++++ Material provided ++++

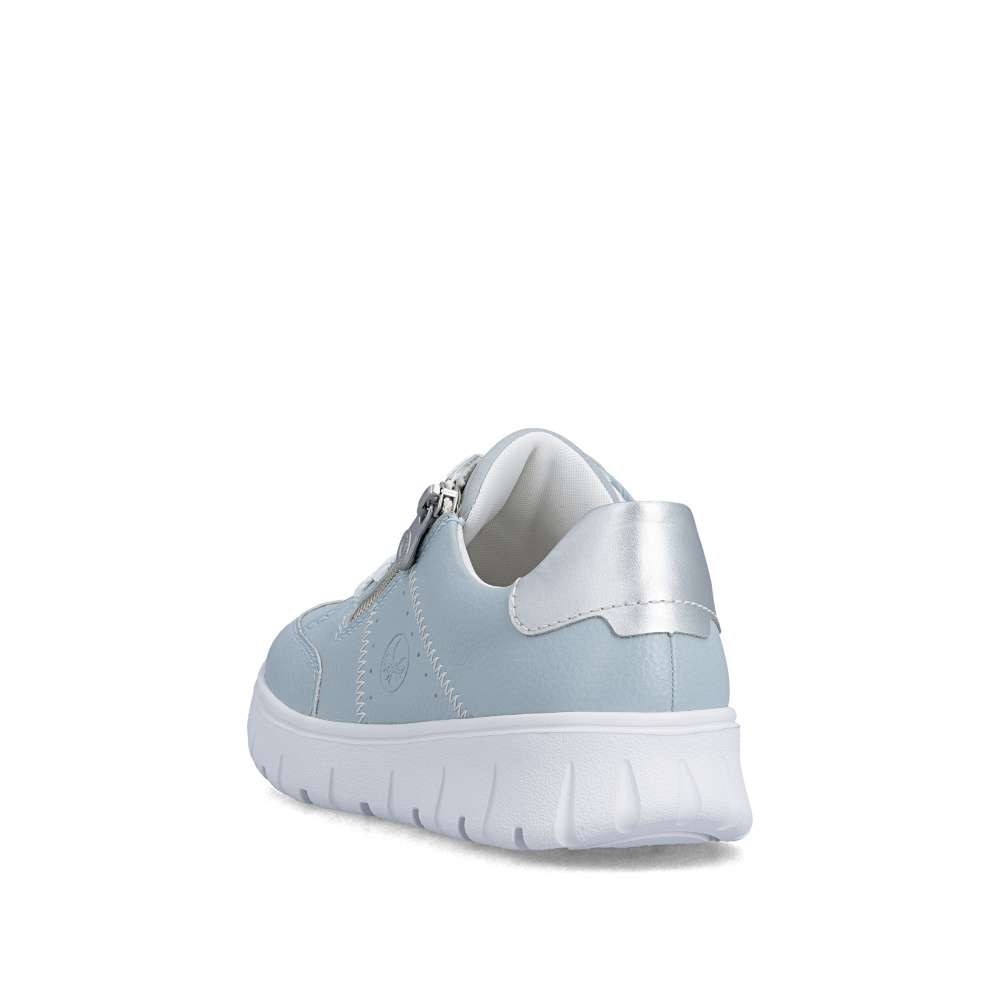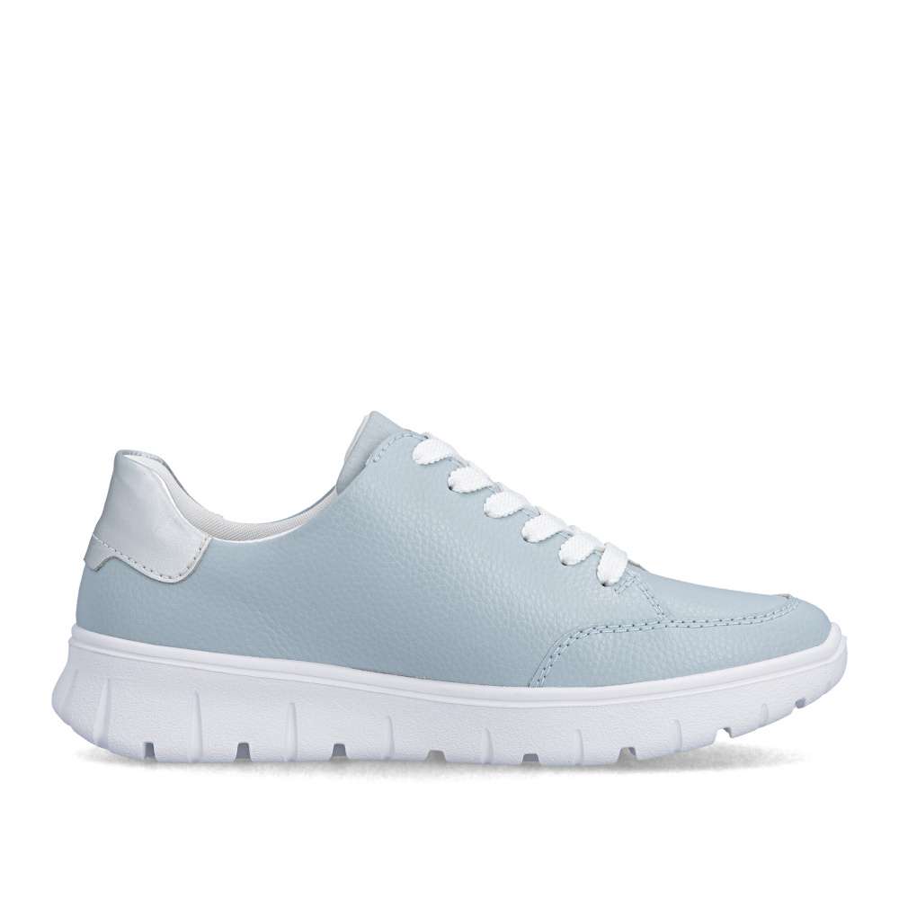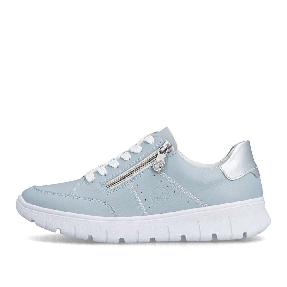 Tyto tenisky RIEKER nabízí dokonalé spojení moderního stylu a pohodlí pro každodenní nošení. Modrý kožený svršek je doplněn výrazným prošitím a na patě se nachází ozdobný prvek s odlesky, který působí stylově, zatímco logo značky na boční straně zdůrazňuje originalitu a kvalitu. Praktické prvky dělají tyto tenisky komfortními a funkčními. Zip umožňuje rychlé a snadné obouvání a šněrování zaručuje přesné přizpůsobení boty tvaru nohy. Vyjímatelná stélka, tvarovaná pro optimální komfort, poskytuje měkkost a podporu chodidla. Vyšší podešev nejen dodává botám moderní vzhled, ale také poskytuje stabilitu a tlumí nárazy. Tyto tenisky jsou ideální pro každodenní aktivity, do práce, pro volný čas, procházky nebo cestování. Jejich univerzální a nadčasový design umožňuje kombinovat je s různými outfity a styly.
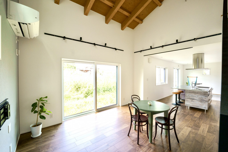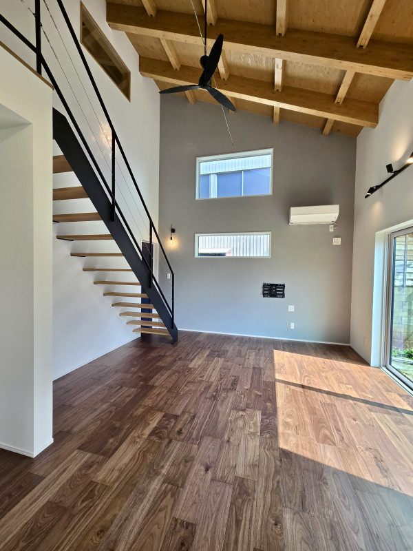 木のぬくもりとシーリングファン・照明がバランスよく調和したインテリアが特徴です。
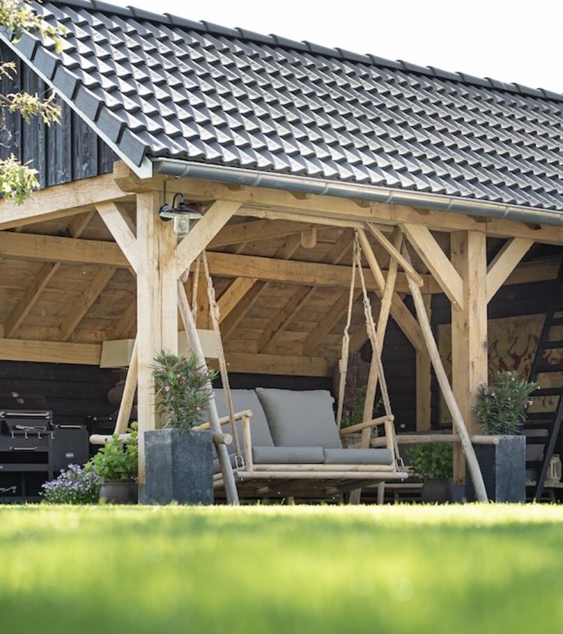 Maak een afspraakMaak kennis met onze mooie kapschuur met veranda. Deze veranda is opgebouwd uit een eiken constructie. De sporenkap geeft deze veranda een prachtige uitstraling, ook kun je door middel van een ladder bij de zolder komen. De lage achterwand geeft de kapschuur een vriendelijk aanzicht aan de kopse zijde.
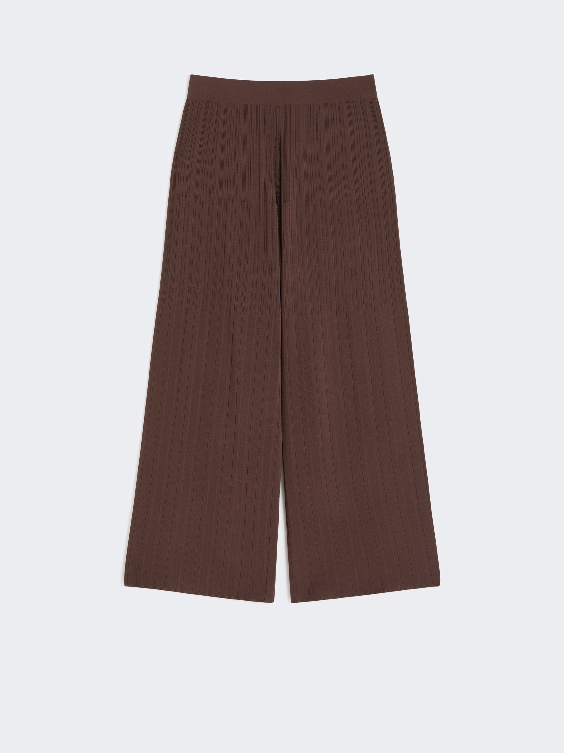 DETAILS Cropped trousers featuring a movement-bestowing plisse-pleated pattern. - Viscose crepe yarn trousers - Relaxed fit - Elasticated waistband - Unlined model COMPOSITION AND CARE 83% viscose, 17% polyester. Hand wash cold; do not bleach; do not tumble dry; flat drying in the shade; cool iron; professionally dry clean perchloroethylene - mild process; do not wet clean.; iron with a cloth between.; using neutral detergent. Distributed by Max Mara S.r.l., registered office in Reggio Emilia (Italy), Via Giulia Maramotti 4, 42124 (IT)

++++

[What to produce]: Please print the entire listing again exactly, minus its images.

[Exercise answer]:
 Tyto tenisky RIEKER nabízí dokonalé spojení moderního stylu a pohodlí pro každodenní nošení. Modrý kožený svršek je doplněn výrazným prošitím a na patě se nachází ozdobný prvek s odlesky, který působí stylově, zatímco logo značky na boční straně zdůrazňuje originalitu a kvalitu. Praktické prvky dělají tyto tenisky komfortními a funkčními. Zip umožňuje rychlé a snadné obouvání a šněrování zaručuje přesné přizpůsobení boty tvaru nohy. Vyjímatelná stélka, tvarovaná pro optimální komfort, poskytuje měkkost a podporu chodidla. Vyšší podešev nejen dodává botám moderní vzhled, ale také poskytuje stabilitu a tlumí nárazy. Tyto tenisky jsou ideální pro každodenní aktivity, do práce, pro volný čas, procházky nebo cestování. Jejich univerzální a nadčasový design umožňuje kombinovat je s různými outfity a styly.
 木のぬくもりとシーリングファン・照明がバランスよく調和したインテリアが特徴です。
 Maak een afspraakMaak kennis met onze mooie kapschuur met veranda. Deze veranda is opgebouwd uit een eiken constructie. De sporenkap geeft deze veranda een prachtige uitstraling, ook kun je door middel van een ladder bij de zolder komen. De lage achterwand geeft de kapschuur een vriendelijk aanzicht aan de kopse zijde.
 DETAILS Cropped trousers featuring a movement-bestowing plisse-pleated pattern. - Viscose crepe yarn trousers - Relaxed fit - Elasticated waistband - Unlined model COMPOSITION AND CARE 83% viscose, 17% polyester. Hand wash cold; do not bleach; do not tumble dry; flat drying in the shade; cool iron; professionally dry clean perchloroethylene - mild process; do not wet clean.; iron with a cloth between.; using neutral detergent. Distributed by Max Mara S.r.l., registered office in Reggio Emilia (Italy), Via Giulia Maramotti 4, 42124 (IT)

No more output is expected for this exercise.